6 Questions with Andy Caruso, our Head of Engineering
Name: Andy Caruso
Title: Head of Engineering
Office: Palo Alto
Our head of engineering, Andy Caruso, is a wizard at all things cloud infrastructure: performance, security, compliance, and more. He spends his days orchestrating our world-class team of engineers to iterate on and enhance our data platform. Get to know more about him in our interview below:
Could you tell us a little bit about your background? Where were you before this role?
Prior to working at Ganymede, I was building a self-service cloud infrastructure platform at Verily, which had me thinking a lot about how to best use the cloud in various life science contexts.
Before that, I was working on an implanted neurostimulator platform in a joint venture between GSK and Verily. The rest of my career has been using my computer engineering degree to ship things fast (YouTube mobile) and slow (implantable pacemakers).
What made you decide to come to Ganymede?
The opportunity to have an impact inside a bio lab. In building medical devices, there's a lot of work that requires lab space (testing equipment, mechanical fixtures, etc) and there's always an innovative energy. Knowing how vibrant and active the biotech space is right now, it's incredibly exciting to build data infrastructure to advance lab work.
How was your first year here? Any favorite memories?
Seeing the different parts of the platform come into place has been such a rewarding experience, and hearing the reactions of our users has been gratifying. It's very humbling to have such a talented team of people working on a solution that automates lab data and makes work easier for scientists. The excitement and creative ideas are contagious.
Which technological or scientific innovations are you most excited about?
AI code generation holds a ton of potential for my day-to-day life. Additionally, the maturation and automation of biomanufacturing is going to reshape the way the world manages disease.
What’s one common misconception, misunderstanding, or misused technology in your work?
My pet peeve is when people think that "Compliance is hard, we should just avoid it." I've found the responses and questions from the FDA to be far more reasonable and tractable than the reasons given for disallowing the release of a new mobile app version. Compliance and quality are a part of a culture.Teams that organize around those principles are far more effective in the long-term.

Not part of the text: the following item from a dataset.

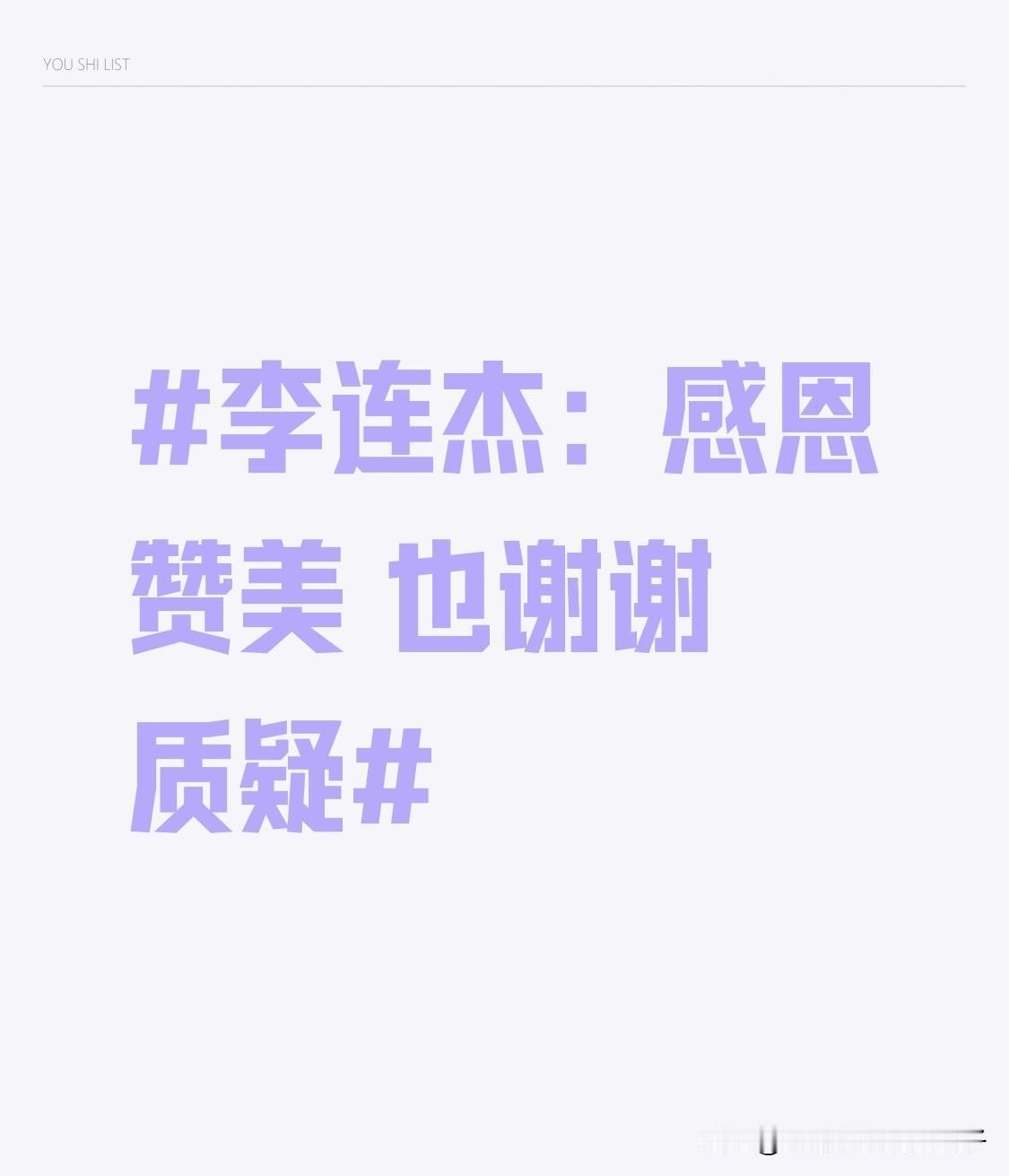 李连杰:感恩赞美 也谢谢质疑 李连杰入驻抖音一天涨粉超140万,这人气简直逆天!他在视频里回应了好多热议话题,说入驻抖音是想和大家探讨武术、电影、公益等,还希望大家都健康快乐,少走弯路,这格局真的大。 最近关于他“老成80岁”的流言传得沸沸扬扬,就因为一张状态不太好的照片。不过后来参加节目的照片显示他状态好多了,还亲自下厨。他出席活动时也正式回应了这传闻,现场幽默说笑,状态不错。李连杰感恩赞美,也谢谢质疑,这份豁达真让人佩服!

If you could give one piece of advice to anyone looking to break into the intersection of biotech and tech, what would it be?
Plan for iteration. In standard software development, agile processes embrace iteration and use it as an opportunity to repeat and refine common processes. Mapping the ideas of iteration, reflection, and improvement on to other processes can illuminate missing information and can eliminate the surprise factor of needing another iteration, if not the additional iteration entirely.